John Sayles on the set of Casa de los Babys. Courtesy of IFC Films.
John Sayles on the set of Casa de los Babys. Courtesy of IFC Films.

I want to like John Sayles movies. Time was when I couldn’t resist them, though it may have been Sayles’s long muscles clad in jeans fairly bulging with a social conscience that I really couldn’t resist.

One of the original indie auteurs (as well as one of the original ’70s lefty hunks), Sayles still labors to fund and release his movies, never having landed a consistent distributor though he’s now written, directed, and edited 13 films since 1980’s Return of the Secaucus Seven. He’s penned scripts for everyone from Spielberg to Roger Corman; acted in both his and others’s films; directed music videos for the likes of working class hero Bruce Springsteen; published scores of short stories and novels; and won the prestigious MacArthur “genius” grant.

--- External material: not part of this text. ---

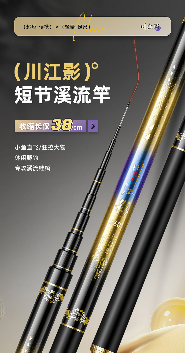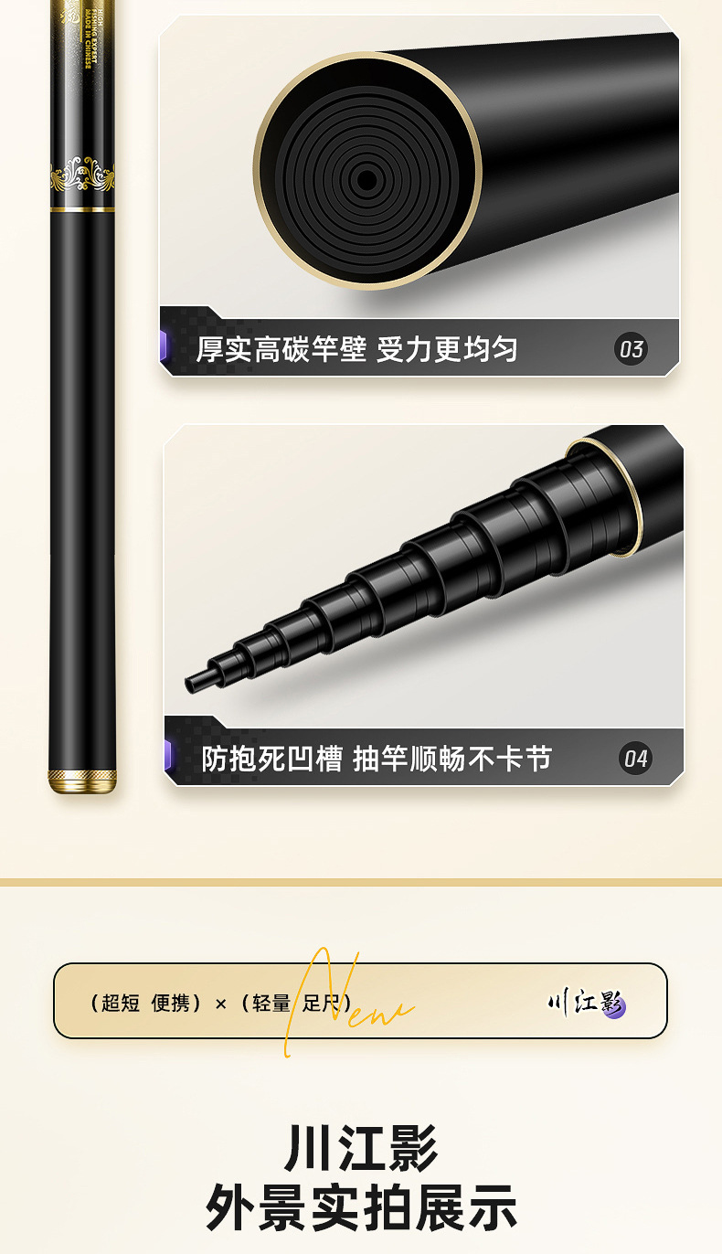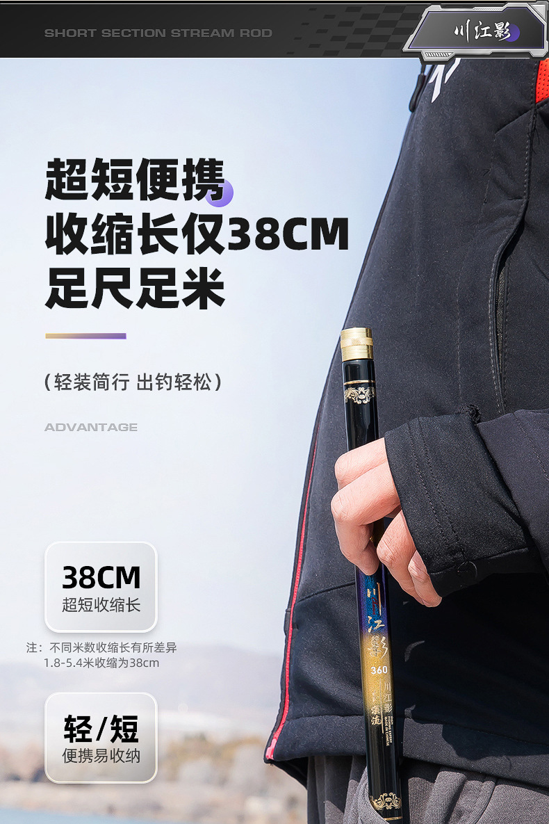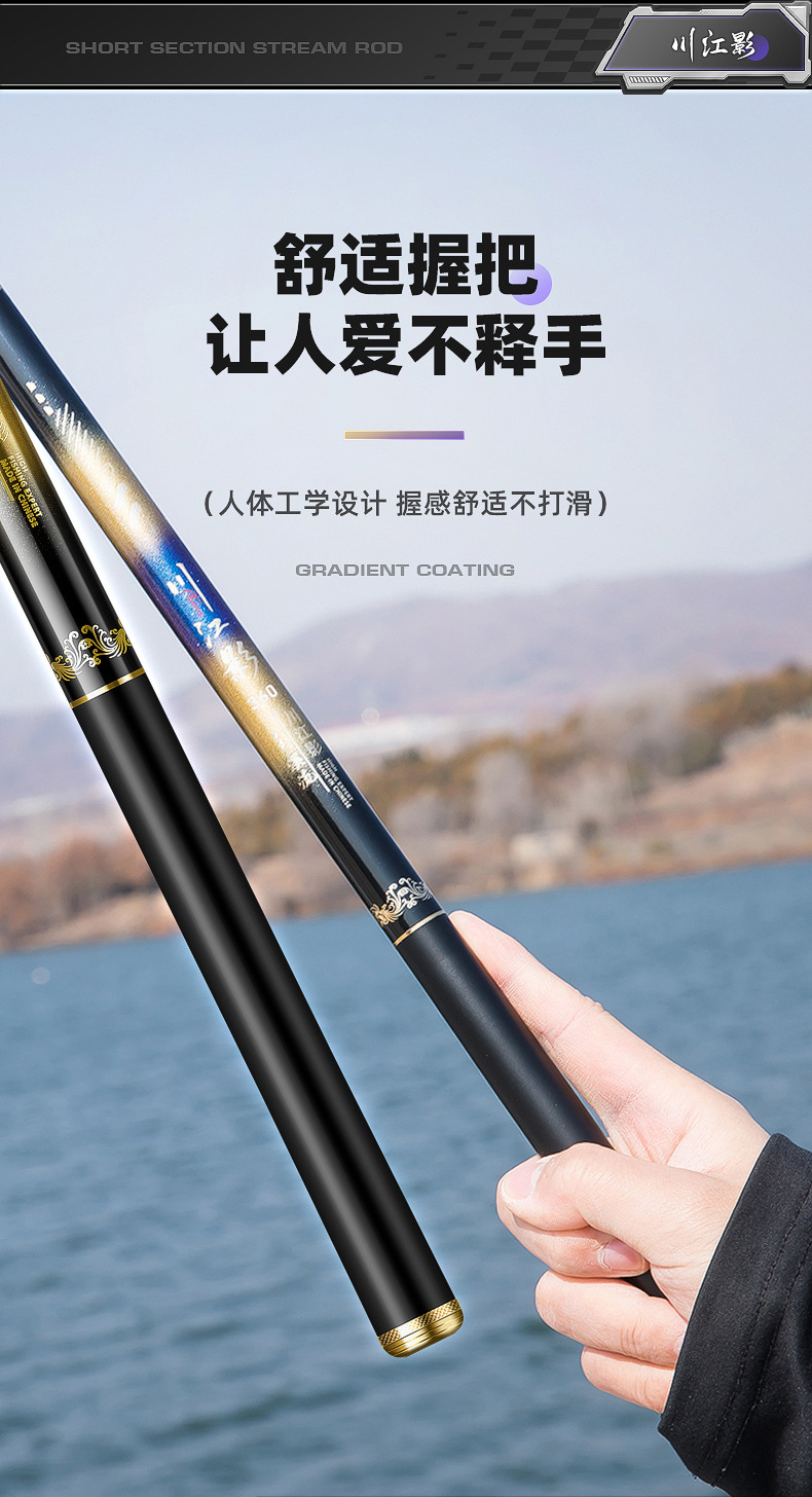 Chuanjiang tongkat pancing shadow portabel, tongkat tangan bagian ultra pendek, Ultra ringan super keras 28 dapat diatur untuk memancing ikan karper

Sayles often crafts ensemble movies, one of the hardest film formats to truly finesse, and he always—whether it be covertly or overtly—tackles the type of social justice issues that generally send filmmakers—so-called indie and Hollywood alike (and the difference betwixt the two has grown as arbitrary as that between Coke and Pepsi)—running to the high hills. A quick rundown of typical Saylesian topics includes: governmental, real estate, union, and big business corruption; the politics of sexuality, race, gender, class, sports, religion, environmentalism, and even politics itself; and always, always, the daily concerns consuming working people both domestically and abroad.

Casa de los Babys is Sayles’s latest, cheerless interrogation of yet another very worthy subject: international adoption. I know Sayles is fighting the good fight, that he’s working hard. I know it because watching this movie feels like hard work, too. Struggling to transcend my annoyance with the film’s paper-thin plot devices and characters-as-cogs is hard work.

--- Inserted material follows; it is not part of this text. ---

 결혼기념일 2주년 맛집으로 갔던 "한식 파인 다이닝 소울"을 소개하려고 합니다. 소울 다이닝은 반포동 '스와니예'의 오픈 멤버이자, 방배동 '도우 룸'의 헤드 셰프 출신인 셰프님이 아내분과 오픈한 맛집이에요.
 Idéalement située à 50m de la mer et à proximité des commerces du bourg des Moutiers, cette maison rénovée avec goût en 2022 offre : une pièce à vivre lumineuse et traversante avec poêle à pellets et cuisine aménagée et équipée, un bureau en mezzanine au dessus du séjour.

Officially, of course, there’s much to recommend about Casa de los Babys. As with all Sayles movies, particularly his ensemble films, a range of characters represents the many pros and cons of this topic—the complicated issues of birthing, child-rearing, and the age-old process of reducing children to commodities. Like his 1997 film Men with Guns, Casa is set in a gorgeous, unnamed South American country whose chief exportation, as one denizen only half-jokes, is its babies. The story follows five white U.S. women (the locals call them yanquis) as they loll in a local motel run by Señora Muñoz (Rita Moreno, bustling about in an impressive series of pencil skirts) waiting to adopt brown babies from a local orphanage. It also introduces Muñoz’s ex-con son, Diómedes (Bruno Bichir), who performs the hotel’s custodial work as he mumbles about cultural imperialism and smokes dope; chambermaid Asunción (Vanessa Martínez), who gave up her own child so she could continue to raise her orphaned siblings; Ernesto (Pedro Armendáriz Jr.), earnestly seeking employment wherever he can find it; Celia (Martha Higareda), an upper middle class pregnant teen pressured by her mother to give up her unborn baby to the local agency; and, of course, a host of others.

It is to Sayles’s credit that all the Spanish-speaking characters actually speak Spanish, subtitled in English, rather than the broken English plaguing many other recent movies about Latin American countries, such as the misguided Frida. It is also to the director’s credit that much of what characterizes his finest work is also in evidence in this film: lush natural scenery, an unobtrusive but moving soundtrack, a range of important social questions to consider, and, not in the least, a tremendous cast peopled by stars who, as they’re barely earning more than scale, presumably just hunger for socially conscious, well-written scripts, and direction.

Unfortunately, in this case, they may have done better to have kept their agents looking. Famous for handing his actors two-page bios of the characters they’re to portray, perhaps Sayles should have handed Casa de los Babys audiences such bios, also.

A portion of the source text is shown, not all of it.